# What the task asks
Leave every picture out. Set down all the lines below exactly.

# Extracted records
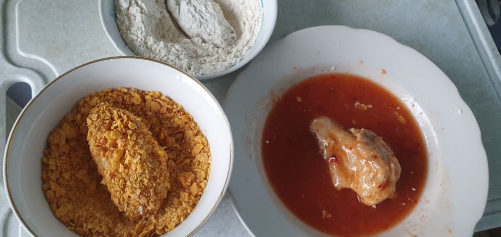 Теперь самая главная хитрость, берём муку, яйцо и острый соус чили (+ любые специи и соусы по желанию и ра вкус) в одинаковых пропорциях перемешиваем, а также главный ингредиент кукурузные хлопья без сахара и глазировки, предварительно измельчаем их в пакете рукой или скалкой, можно без фанатизма блендером крутануть в крошку.
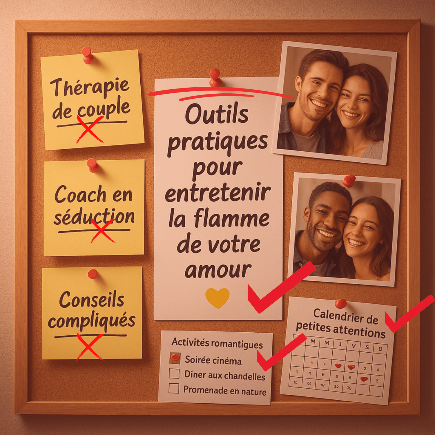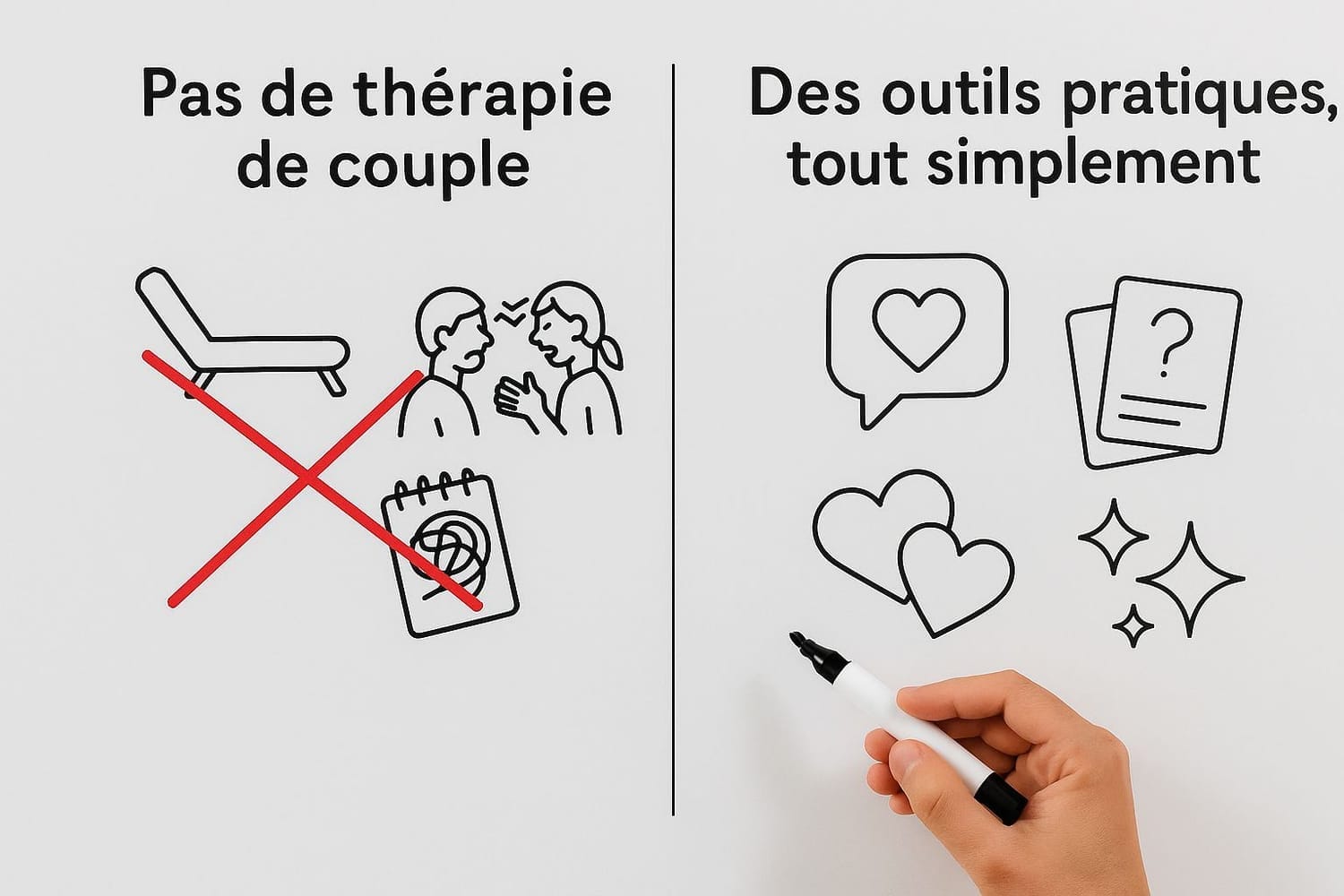 Notre approche est radicalement différente. Nous partons du principe que vous comprenez déjà l'importance de nourrir votre relation. Ce qui vous manque, ce ne sont pas les concepts, ce sont les outils.
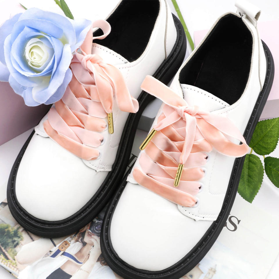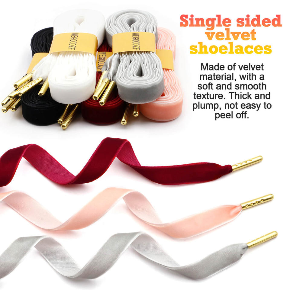 Lacets plats en velours polyester personnalisés WEGOODZF avec embouts métalliques dorés pour chaussures en tissu et chaussures décontractées
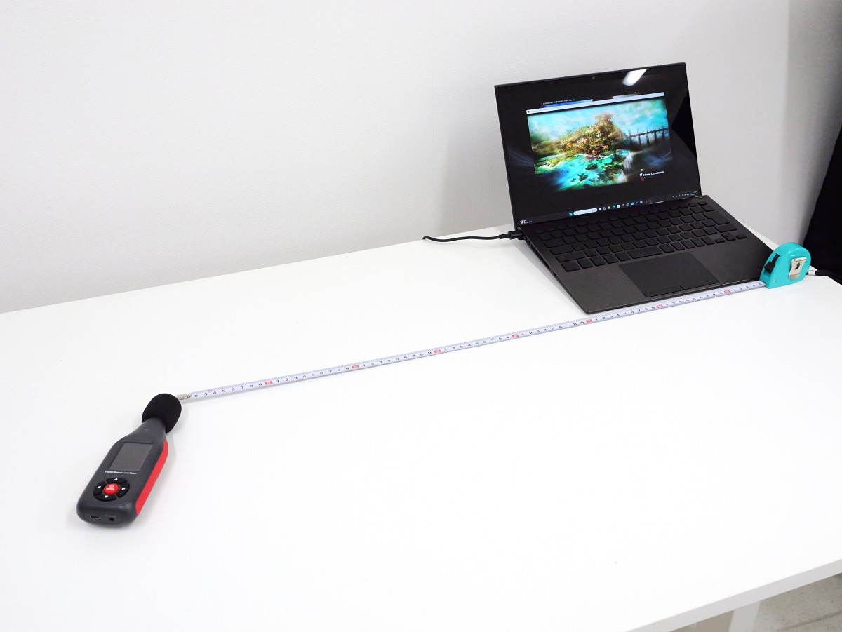 高負荷時の騒音量も測定します。ファイナルファンタジーXIV: 黄金のレガシー ベンチマークを15分間ループ実行して、本体から50cm離れた位置でデジタル騒音計「GainExpress SLM-441」で音量を測定。
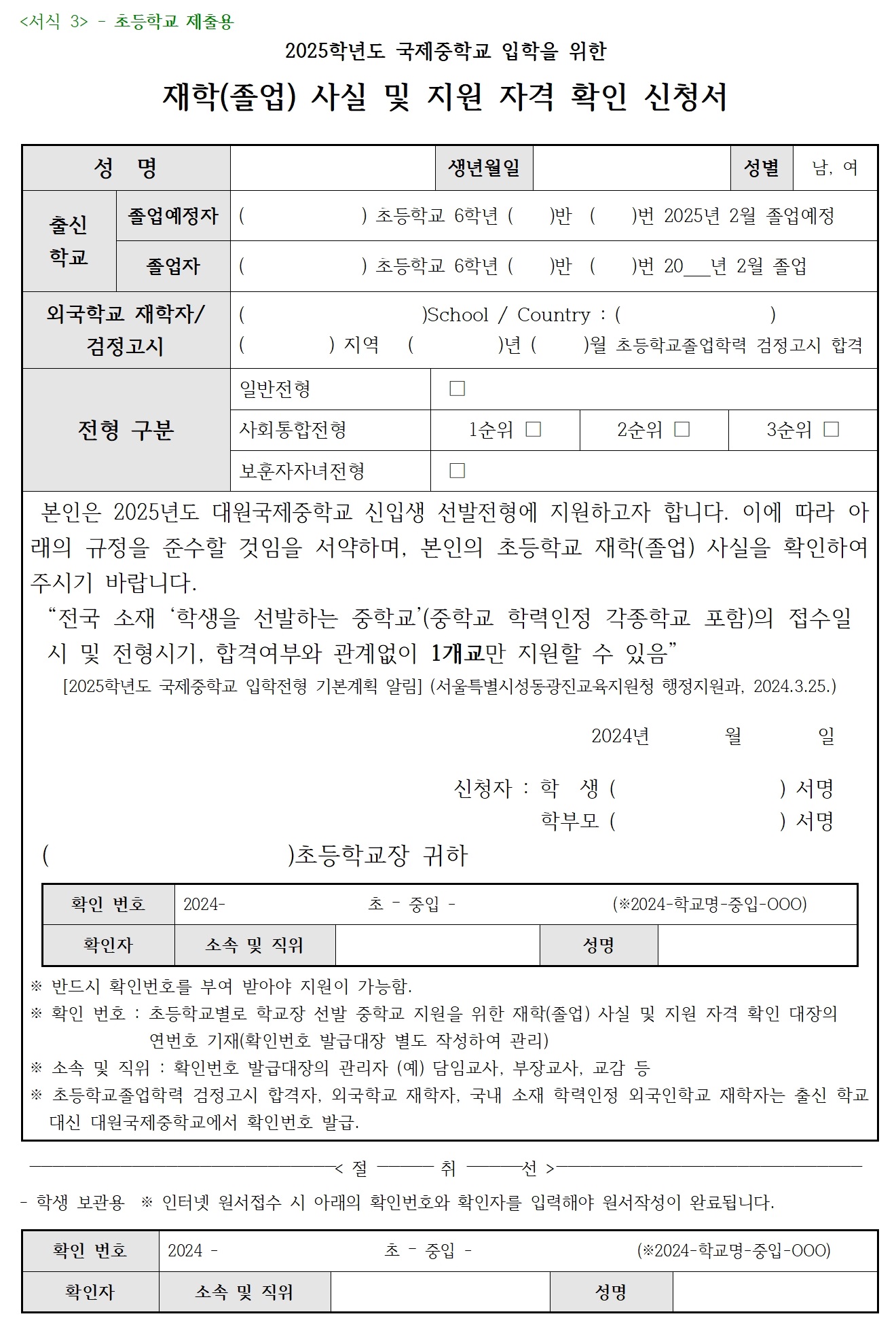 [¼­½Ä 3] ÀçÇлç½Ç ¹× Áö¿ø ÀÚ°Ý È®ÀÎ ½Åû¼­(ÃʵîÇб³ Á¦Ãâ¿ë)
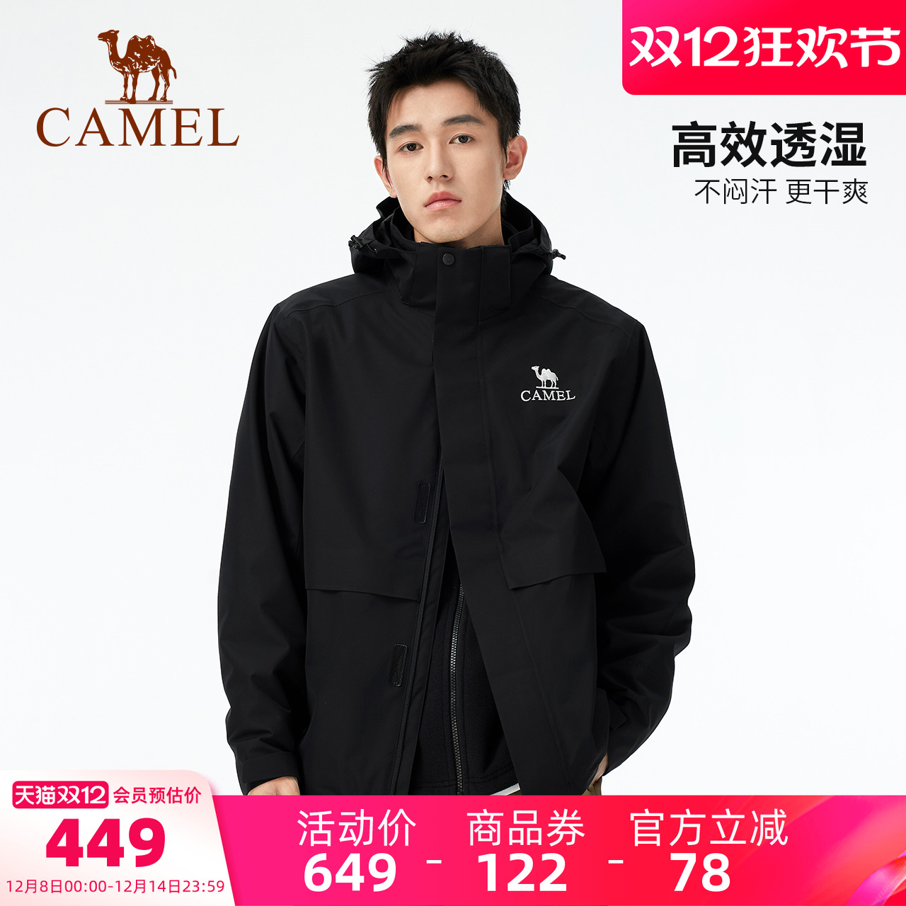 骆驼男装夹克春秋保暖三合一户外三防冲锋衣外套内胆防水徒步登山
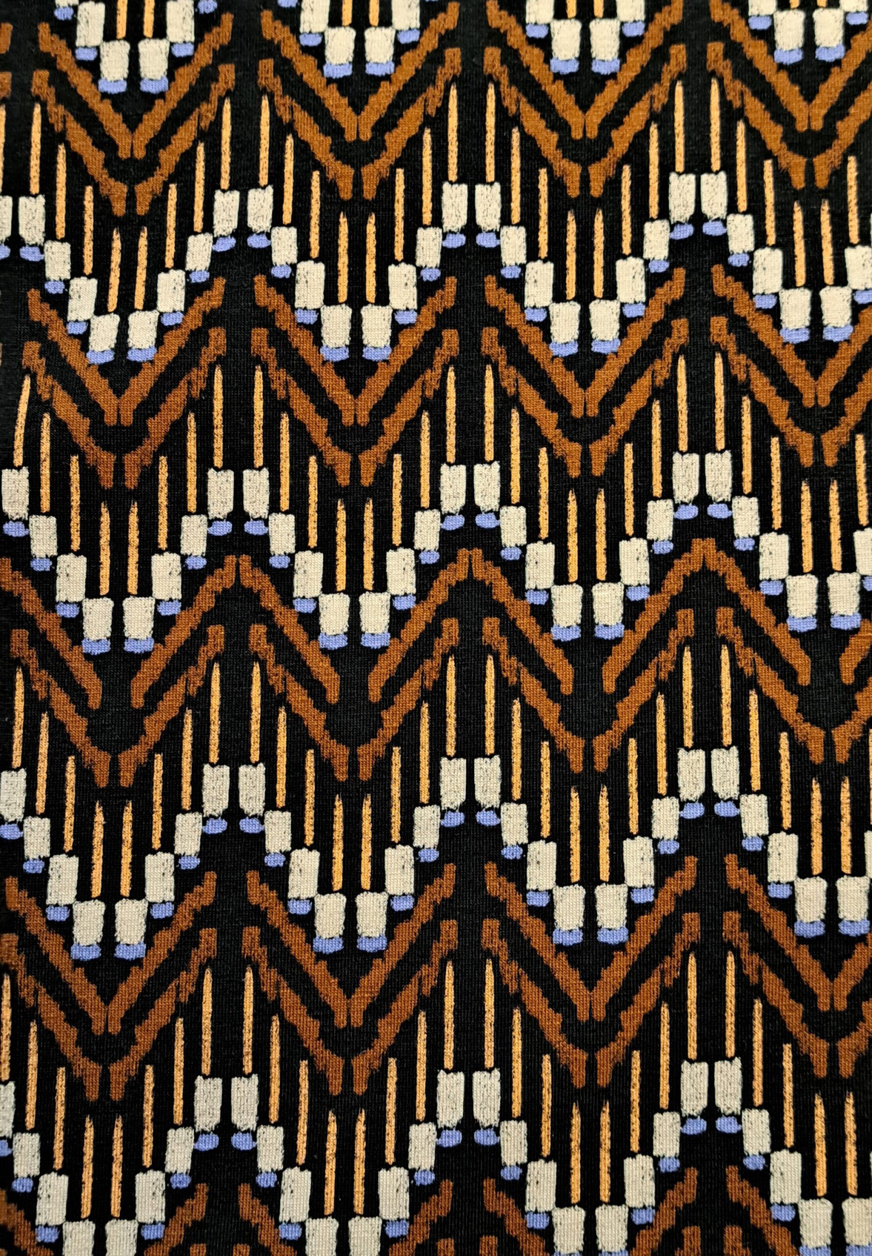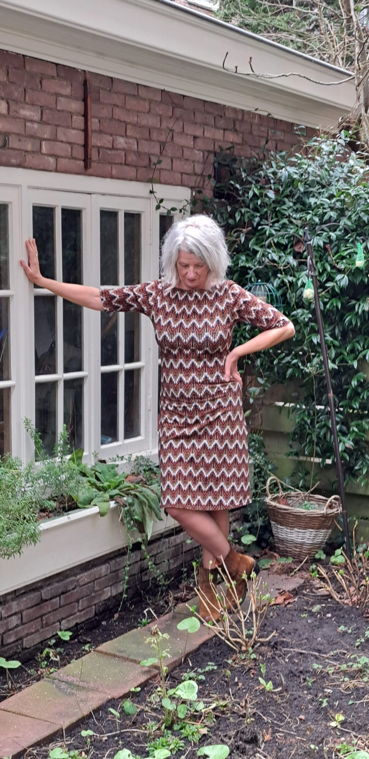 Jurk met boothals en mouw net over de elleboog. Zwarte ondergrond met de kleuren bruin, zalm, ecru en een beetje lavendel.

# Final answer
 Теперь самая главная хитрость, берём муку, яйцо и острый соус чили (+ любые специи и соусы по желанию и ра вкус) в одинаковых пропорциях перемешиваем, а также главный ингредиент кукурузные хлопья без сахара и глазировки, предварительно измельчаем их в пакете рукой или скалкой, можно без фанатизма блендером крутануть в крошку.
 Notre approche est radicalement différente. Nous partons du principe que vous comprenez déjà l'importance de nourrir votre relation. Ce qui vous manque, ce ne sont pas les concepts, ce sont les outils.
 Lacets plats en velours polyester personnalisés WEGOODZF avec embouts métalliques dorés pour chaussures en tissu et chaussures décontractées
 高負荷時の騒音量も測定します。ファイナルファンタジーXIV: 黄金のレガシー ベンチマークを15分間ループ実行して、本体から50cm離れた位置でデジタル騒音計「GainExpress SLM-441」で音量を測定。
 [¼­½Ä 3] ÀçÇлç½Ç ¹× Áö¿ø ÀÚ°Ý È®ÀÎ ½Åû¼­(ÃʵîÇб³ Á¦Ãâ¿ë)
 骆驼男装夹克春秋保暖三合一户外三防冲锋衣外套内胆防水徒步登山
 Jurk met boothals en mouw net over de elleboog. Zwarte ondergrond met de kleuren bruin, zalm, ecru en een beetje lavendel.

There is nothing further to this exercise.